The woman is silent.

“Because of you. You had to leave. You had to turn my life to shit.”

“But — ”

He jumps into the grave, wraps his hands around the woman’s neck. The sky is no longer dark, but starting to brighten. Soon the sun will rise. The woman’s soul cannot stay when the sun shows itself, or else it will be lost forever. So Jimmy must release it, send it back to the other world. He hates doing it, but the anger in him is so strong that when he squeezes the dead skin he doesn’t feel sorrow or revulsion but even more anger, even more rage. He blames the woman for everything — for every bully that’s picked on him, for every test he’s failed, for every girl that’s laughed at him behind his back. For every time the man brings him to this graveyard.

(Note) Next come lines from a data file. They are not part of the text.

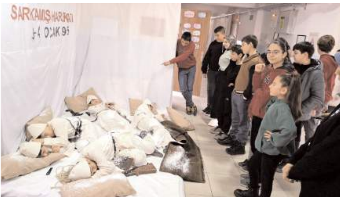
Anma programı Dodurga Şehit Murat Alıcı Ortaokulu'nda yapıldı.

Çalışmalar kapsamında asbestli boruların değiştirilip abone bağlantıları tamamlanan 37 km'lik hattan sonra, 42 km'lik içme suyu isale hattının daha yenilenmesi için ihale yapılarak yüklenici firma ile sözleşme imzalandı. İşin bu yıl yaz sonuna kadar bitirilmesi hedefleniyor.
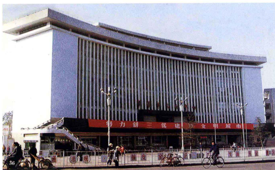
信阳市文化中心大厦
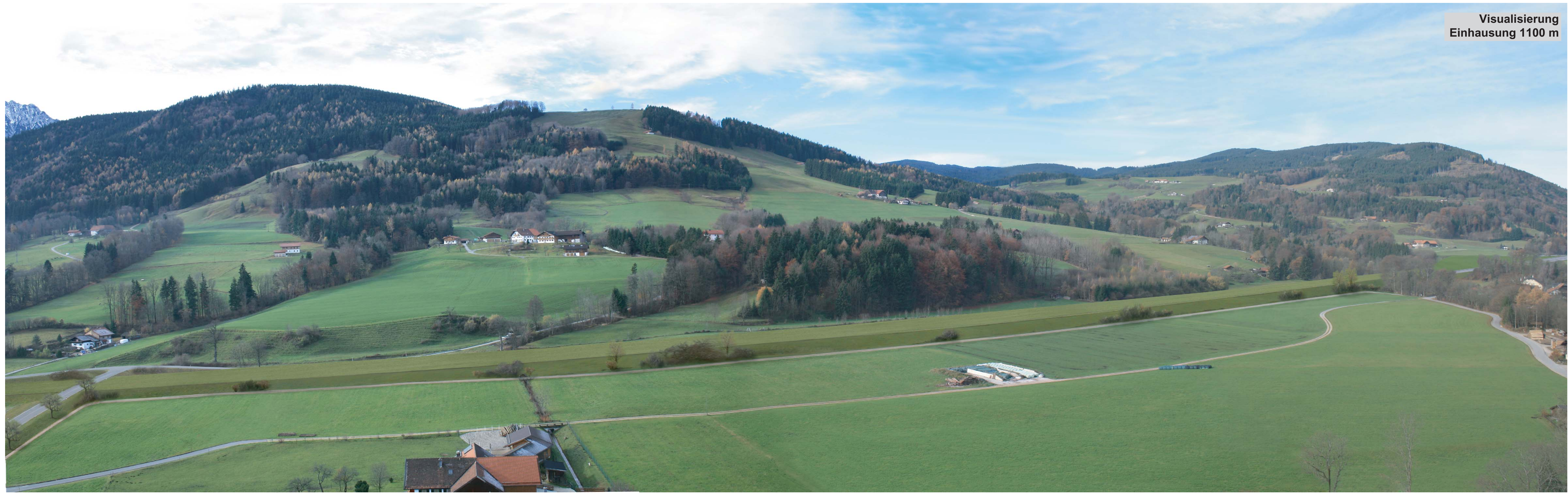
Visualisierung Einhausung 1100 m

And next year it will be the same: they will come out here again, and Jimmy will feel happy, excited, glad to be here, because somehow he will make himself believe that what had happened the year before never took place. The woman will never remember either, she will never know, so she awakens, as if opening her eyes for the first time.

And someday Jimmy hopes the woman will forget about the man altogether. They will spend a more pleasant time talking, instead of him jumping into the grave and strangling a neck he’s touched one too many times. He will cry and cry and cry, and in the end he will climb out of the grave, dig it back in, then go home. He will feel miserable until he sees the man, sees how miserable the man is, and that will lift his spirits, make him feel better, that knowledge that he has done the one thing the man could not, the last thing in the world the man thinks possible. And it’s all because —

*

— he sat and waited. The moon touched the horizon. The wind rose, then fell, rose, then fell.

In the grave, the woman opened her eyes. She stared straight up at the cloudless sky. She moved her eyes ... found his.

And staring into those blank eyes, Jimmy thought back to when he’d been six and she took him trick-or-treating. He told himself he had never gone, but it was a lie, just like everything else.

She’d been walking with him, holding his hand and his bag, and talking to him as they crossed the street. She hadn’t seen the car as it swerved around the corner. The teens inside hadn’t seen her either, they’d been too high, but that didn’t stop the car from smashing into her.

Only Jimmy had seen what was about to happen. He had seen it, and he had been scared and speechless, only listened her to words, until it was too late and he let go of her hand and jumped out of the way.

That was how she really died, this woman in the long black gown, how she had been taken from this world into the next. But Jimmy told himself it didn’t happen, that it was all a lie, until when he was out here by himself and she awoke, and for a moment, a single instant, he thought he saw it in her eyes, the knowledge of what really happened, how he hadn’t said a word. And deep down inside himself, in his soul, he became afraid.

“Hi, Mom,” he whispered.

She only stared back at him, those dark blank eyes showing little sign of life, and that phantom knowledge Jimmy had been so sure he’d seen was now gone. Then she opened her mouth. Nothing came out at first, but then, softly, she asked, “What’s wrong?”